Show that if the diagonals of a quadrilateral bisect each other at right angles, then it is a rhombus.

Solution:



Let $A B C D$ be a quadrilateral, whose diagonals $A C$ and $B D$ bisect each other at right angle i.e., $O A=O C, O B=O D$, and $\angle A O B=\angle B O C=$ $\angle C O D=\angle A O D=90^{\circ} .$ To prove $A B C D$ a rhombus, we have to prove $A B C D$ is a parallelogram and all the sides of $A B C D$ are equal.

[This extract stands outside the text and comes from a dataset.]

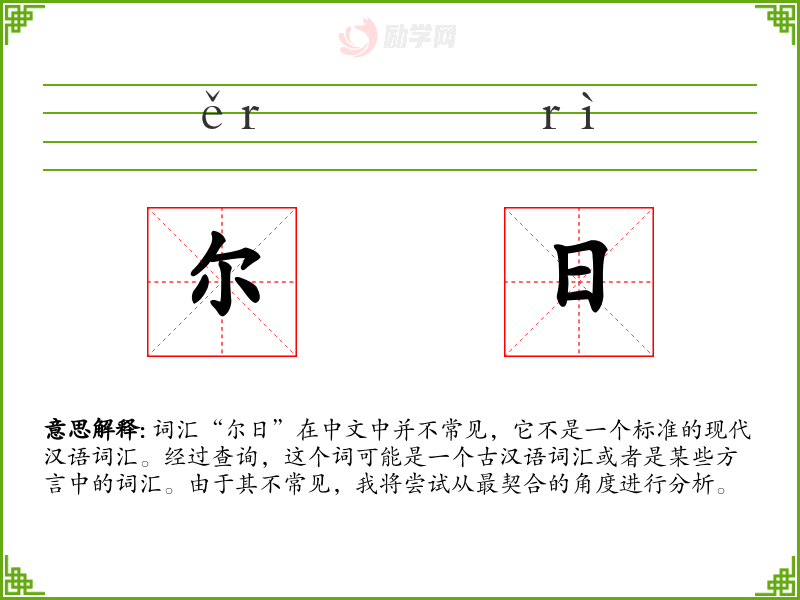 词汇“尔日”在中文中并不常见,它不是一个标准的现代汉语词汇。经过查询,这个词可能是一个古汉语词汇或者是某些方言中的词汇。由于其不常见,我将尝试从最契合的角度进行分析。
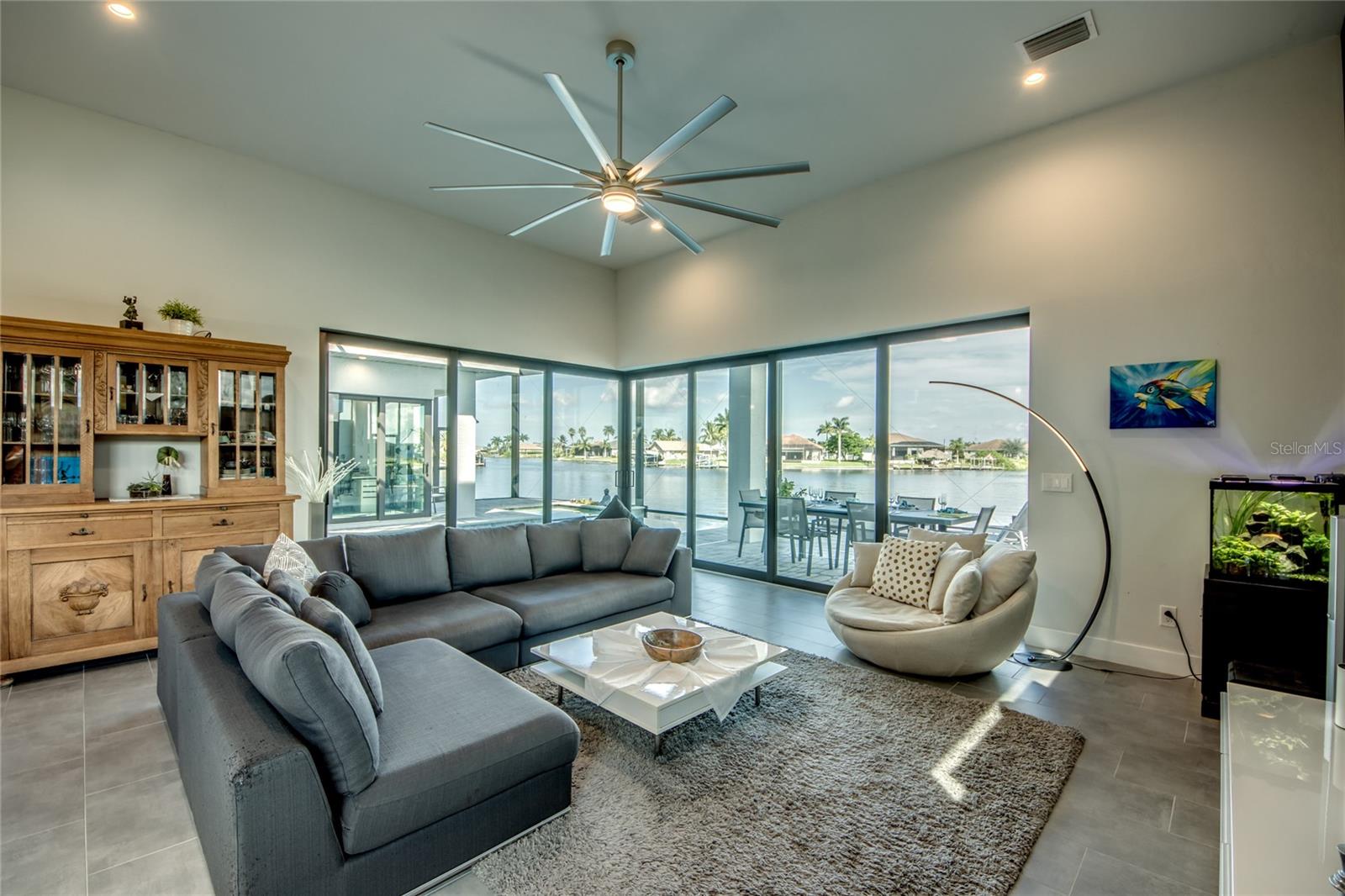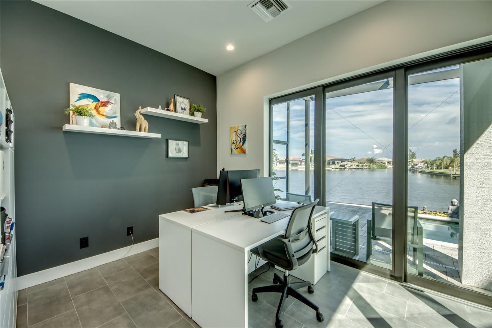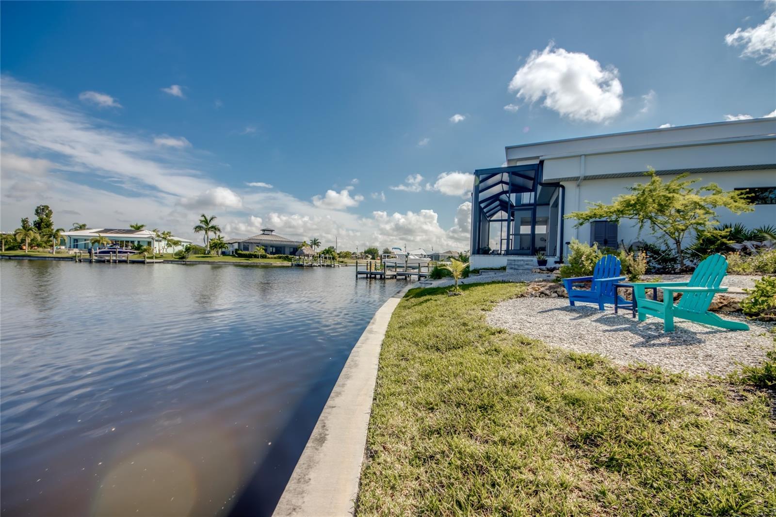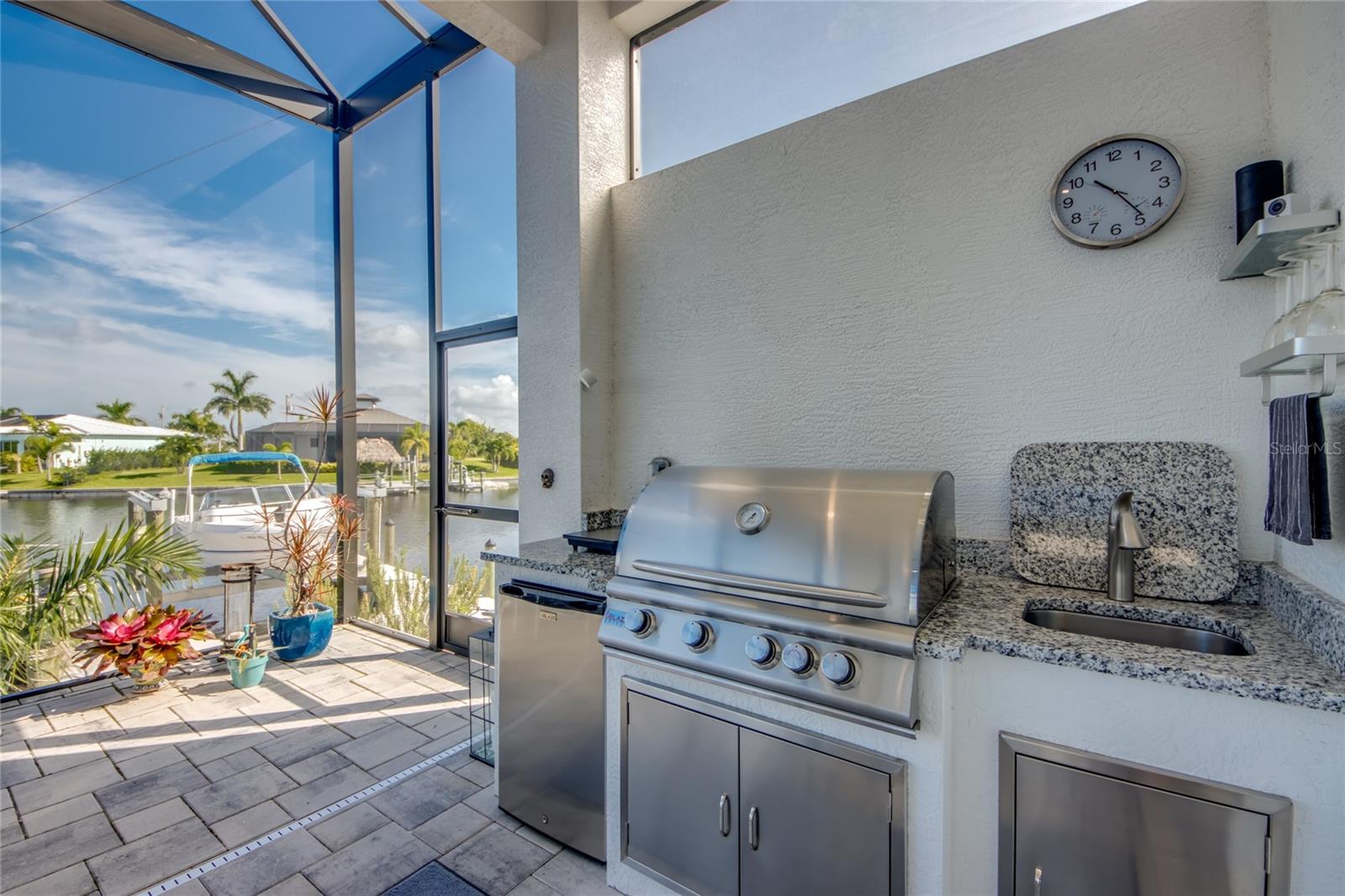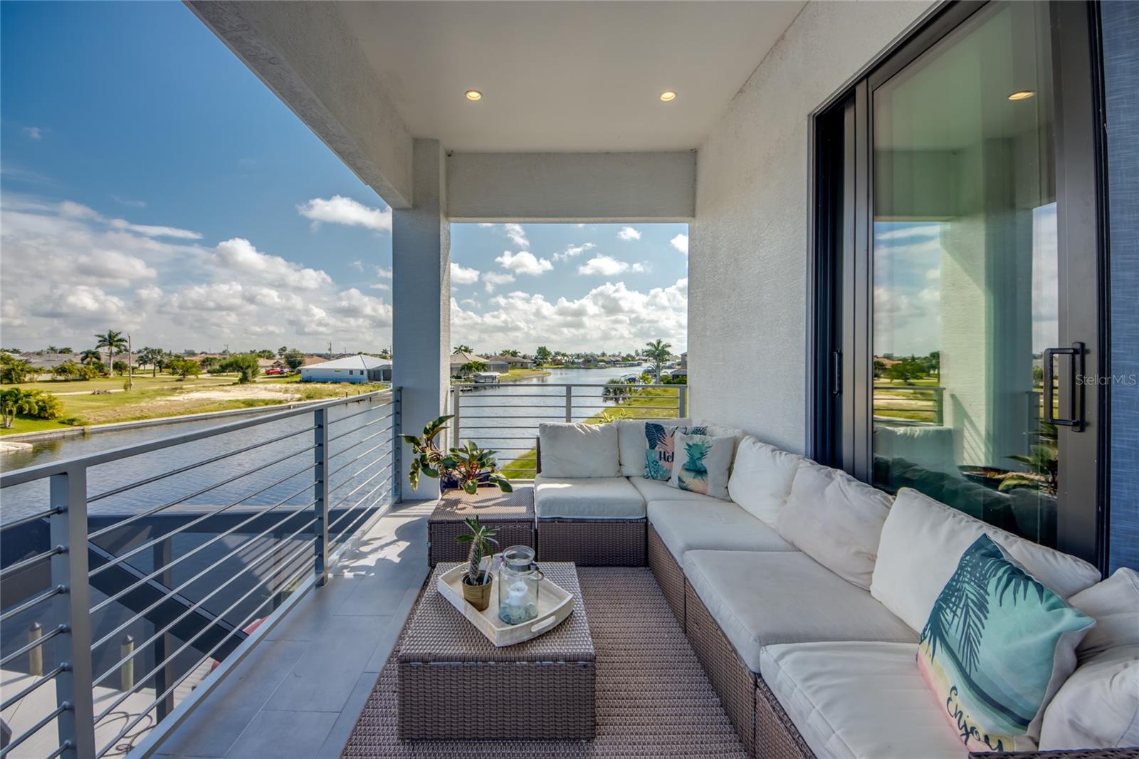 This dream home is on a breathtaking intersecting canal with the most amazing views and fantastic boat access! Every inch of the home has been thoughtfully planned out to enjoy your days and nights in paradise. Imagine hopping on your boat or kayak and passing dolphins and manatee and heading out to one of the local island restaurants on the warm Gulf waters! This Beautiful 2 story newer home on oversized private lot in desirable area of NW Cape Coral offers that and so much more. How does not having an electric bill sound? Home has paid for solar panels that cover those costs. This adds up to HUGE savings! Located in desirable NW Cape Coral with many exciting projects and growth planned the value in this area will continue to appreciate. The home itself boasts every upgrade you can imagine; from the chef's gourmet kitchen, large heated infinity style pool and spa, boat lift and dock, full outdoor kitchen, contemporary finishes and top level tile and finishes to the impact windows and doors. Step into your first floor master bedroom with office/den attached or expand this area for huge first floor bedroom suite with gorgeous views of the pool and water. The kitchen area with tons of causal island seating opens to the large living area, which of course also faces the water for the most breathtaking views. The Convenient half bath and spacious pantry land laundry room are located adjacent to the kitchen area. There are two large guest bedrooms -one with balcony- and a full guest bath upstairs. Your backyard has been thoughtfully laid out with many areas to relax and enjoy the breathtaking sunrise and sunset views from either sider of the home. Many native plants for a low maintenance yet impressive landscape complete the year round vacation vibe. This home will indeed make all your SWFL living dreams come true! Be sure to "tour" the home via the 3D tour as well!

In $\triangle \mathrm{AOD}$ and $\triangle C O D$,

$O A=O C$ (Diagonals bisect each other)

$\angle \mathrm{AOD}=\angle \mathrm{COD}$ (Given)

OD = OD (Common)

$\therefore \triangle \mathrm{AOD} \cong \triangle \mathrm{COD}($ By $S A S$ congruence rule $)$

$\therefore A D=C D(1)$

Similarly, it can be proved that

$\mathrm{AD}=\mathrm{AB}$ and $\mathrm{CD}=\mathrm{BC}(2)$

From equations (1) and (2),

$A B=B C=C D=A D$

Since opposite sides of quadrilateral $A B C D$ are equal, it can be said that $A B C D$ is a parallelogram. Since all sides of a parallelogram $A B C D$ are equal, it can be said that $A B C D$ is a rhombus.